Я ходила во дворе кругами, пока не перестала чувствовать пальцы ног. Повалил густой снег, все вокруг окуталось белым-белым! Под каждым фонарем своя отдельная метель – будто ярко освещенное окошко в разные снегопады. Под одним – с завихрениями, а неподалеку сечет снежными хлыстами. Проявлялись и пропадали в метели прохожие, собаки, машины… И только наше окно, под которым я шаталась туда-сюда, светилось на втором этаже, как маяк.
Когда я вернулась, они сидели на диване в обнимку. Довольные, как дураки! У Вики щеки пунцовые от счастья.
Мне вспомнилось, что слову «пунцовые» меня научил Карамазов. Без него я была бы просто мычащей коровой.

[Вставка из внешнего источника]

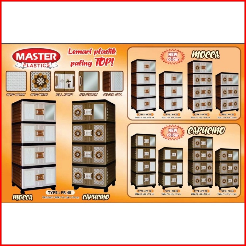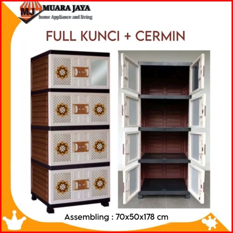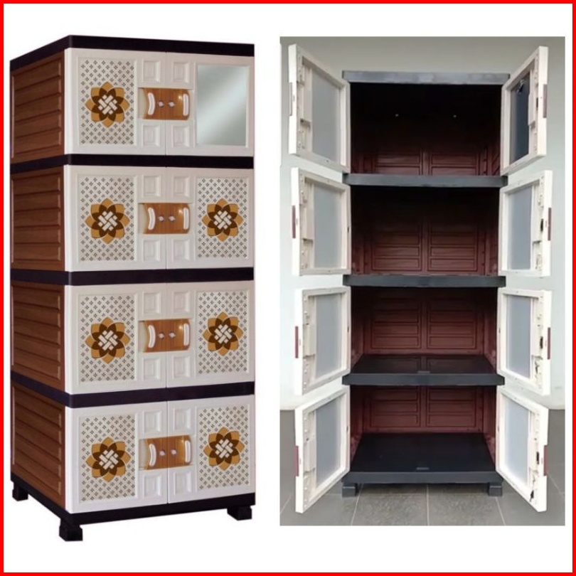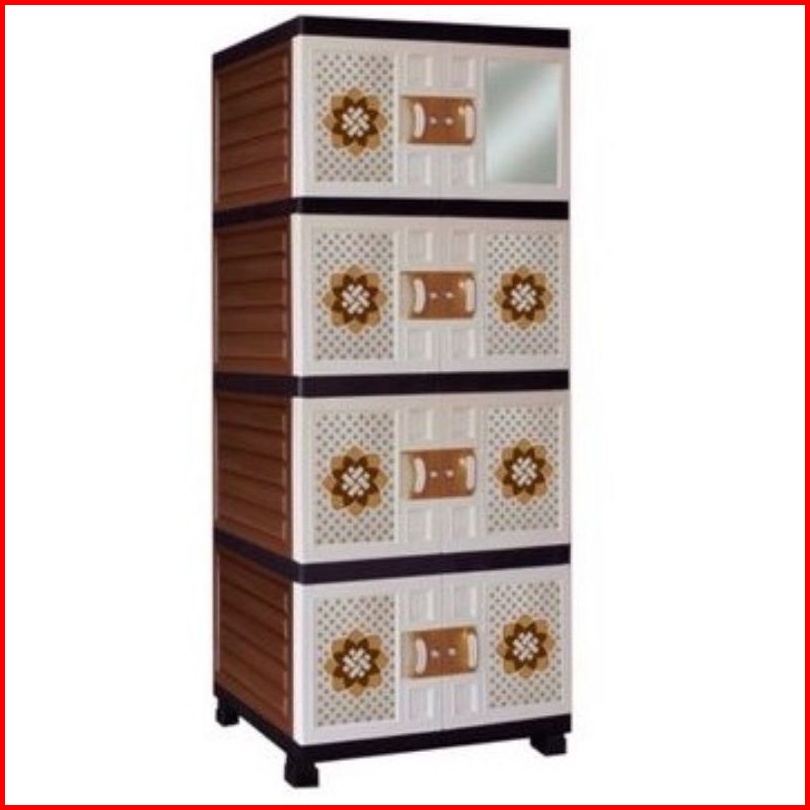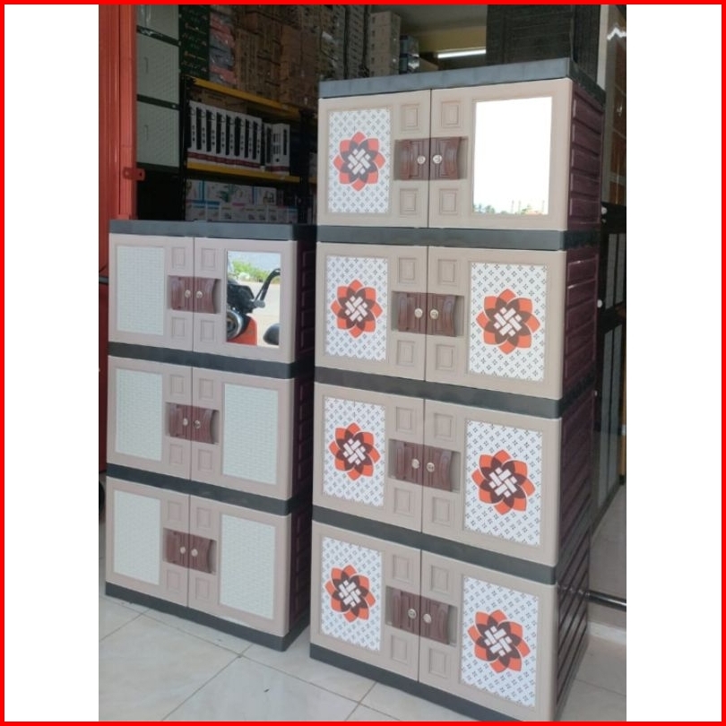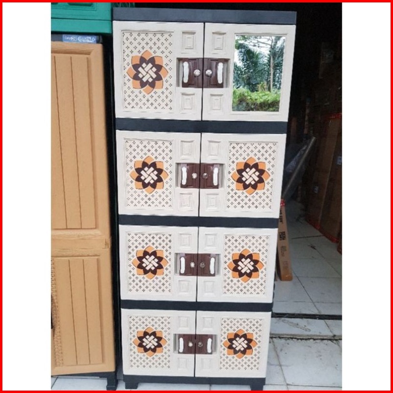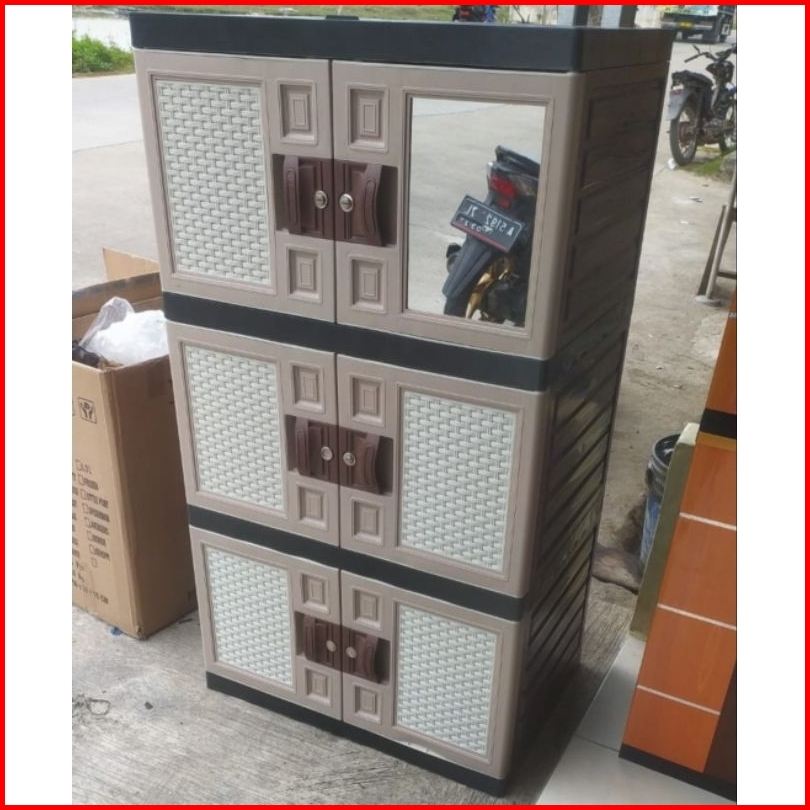 Lemari Pakaian Lemari Plastik Jumbo Motif Rotan Batik Susun 4 Cermin

Знала бы полтора десятка слов, как та тетка из несмешной книжки, которую Карамазов почему-то считал самой уморительной на свете. Читает – и хохочет. А что в финале человека зарезали, это как будто ничего не значит!
Как я жалела, что Карамазов исчез и не может узнать, какой жизнью я теперь живу. Он бы порадовался за меня. И еще я отчаянно ругала себя, что никогда не говорила ему по-человечески «спасибо». Не говорила, что понимаю, как много он для меня сделал. Это был мне урок на будущее: успевать говорить нужные слова хорошим людям. Хоть в суматохе, хоть на бегу – но успевать!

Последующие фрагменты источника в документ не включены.